July 2011 Issue

Here’s the thing. We live on a typical rural Midwestern road, a two-lane blacktop (really 1-1/2 lanes) with no shoulder, and scary-deep drainage ditches on both sides awaiting the unwary. “Town” (gas station, post office, hardware store, tiny drugstore, dive bar and several not-good pizza shops) is about three miles down the road. So when you have to go there, you drive between immense fields of corn or soybeans (they alternate crops every year) until you reach the first problem, which is a sharp curve at the corner of one of the larger fields. If the crop is soybeans, no problemo; you can see what’s coming from the other direction. If it’s corn, you’re screwed; you’d think that cars coming into a tight blind curve would slow down and stick to their own side, but you’d be wrong. We’ve had several close calls at that curve with morons going way too fast in the wrong lane. The speed limit for most of this road is 45 mph, which is nuts, and many people try to take this curve at 35-45. A substantial percentage fail, as evidenced by the permanent deep wheel ruts at its apex leading to the newest telephone pole on the road. It’s always the newest pole on the road.

If you survive that curve, you drive another half-mile until you reach the woods, where things get really interesting. The road rises and then dips sharply, and at the bottom of the hill it takes a 90-degree twist to the left as it rises steeply into the woods. It’s exactly the sort of gut-wrenching dive and twist you find on roller coasters.

Bon Voyage, Bucko

If, perchance, you should miss the turn through inattention, you’ll quickly find yourself airborne above a 30-foot drop into the old Ohio & Erie Canal with only some sparse and scraggly trees to break your fall. Yes, people have done this. No, there is no guard rail, but there is a nice series of little yellow signs pointing to the left, all of which have been hit at least once.

The speed limit here is 25 mph, but you’d be insane to take it at more than about ten.
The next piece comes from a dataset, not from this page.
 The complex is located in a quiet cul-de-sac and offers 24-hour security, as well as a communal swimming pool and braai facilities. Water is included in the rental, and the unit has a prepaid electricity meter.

And again, the real problem here is the imbeciles who come shooting into that curve doing 45 mph and wind up going sideways in your lane. Let’s just say that it’s drivers like that who make it profitable for our tiny county to have not one, but two full-time medical evacuation helicopters based here.

Anyway, if you survive that bit of fun, you’ve got a straight shot to town through the woods, albeit with the canal cut on one side and a similar drop to the fields on the other. (The road alongside the canal is actually built on the mounds of earth they removed while digging the canal back in the 19th century. This bit is the deepest cut they had to make in the entire length of the canal.)
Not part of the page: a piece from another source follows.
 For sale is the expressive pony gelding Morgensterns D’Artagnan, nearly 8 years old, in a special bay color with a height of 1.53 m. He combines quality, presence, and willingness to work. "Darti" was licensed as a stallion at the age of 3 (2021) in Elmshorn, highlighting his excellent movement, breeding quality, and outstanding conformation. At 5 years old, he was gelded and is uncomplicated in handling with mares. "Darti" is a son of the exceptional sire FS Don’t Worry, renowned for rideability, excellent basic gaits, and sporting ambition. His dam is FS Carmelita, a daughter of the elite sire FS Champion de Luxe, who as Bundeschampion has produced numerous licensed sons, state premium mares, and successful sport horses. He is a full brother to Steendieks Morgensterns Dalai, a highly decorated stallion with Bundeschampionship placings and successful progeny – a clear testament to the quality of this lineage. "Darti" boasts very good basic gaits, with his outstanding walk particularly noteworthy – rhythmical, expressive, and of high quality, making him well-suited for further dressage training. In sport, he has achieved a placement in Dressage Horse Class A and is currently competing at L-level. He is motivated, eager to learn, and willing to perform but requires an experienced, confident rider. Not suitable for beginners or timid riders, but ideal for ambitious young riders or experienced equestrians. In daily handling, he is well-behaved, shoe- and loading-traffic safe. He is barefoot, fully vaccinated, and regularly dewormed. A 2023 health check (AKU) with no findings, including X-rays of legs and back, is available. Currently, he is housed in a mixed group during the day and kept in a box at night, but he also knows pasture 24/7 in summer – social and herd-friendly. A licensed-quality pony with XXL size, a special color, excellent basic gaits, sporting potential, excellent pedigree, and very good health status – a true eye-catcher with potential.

Then there’s one last blind hump and plunge, and you’re in town. Whee! For extra fun, be sure to try this ride in the winter when the road is covered in ice.

So the real problem with this road is the other drivers, many of whom are our neighbors, many of whose driving skills lack … finesse. I mean c’mon, you live on this road — why would you take that curve on the wrong side? Can’t you envision the possibility that it might be your own kid coming the other way?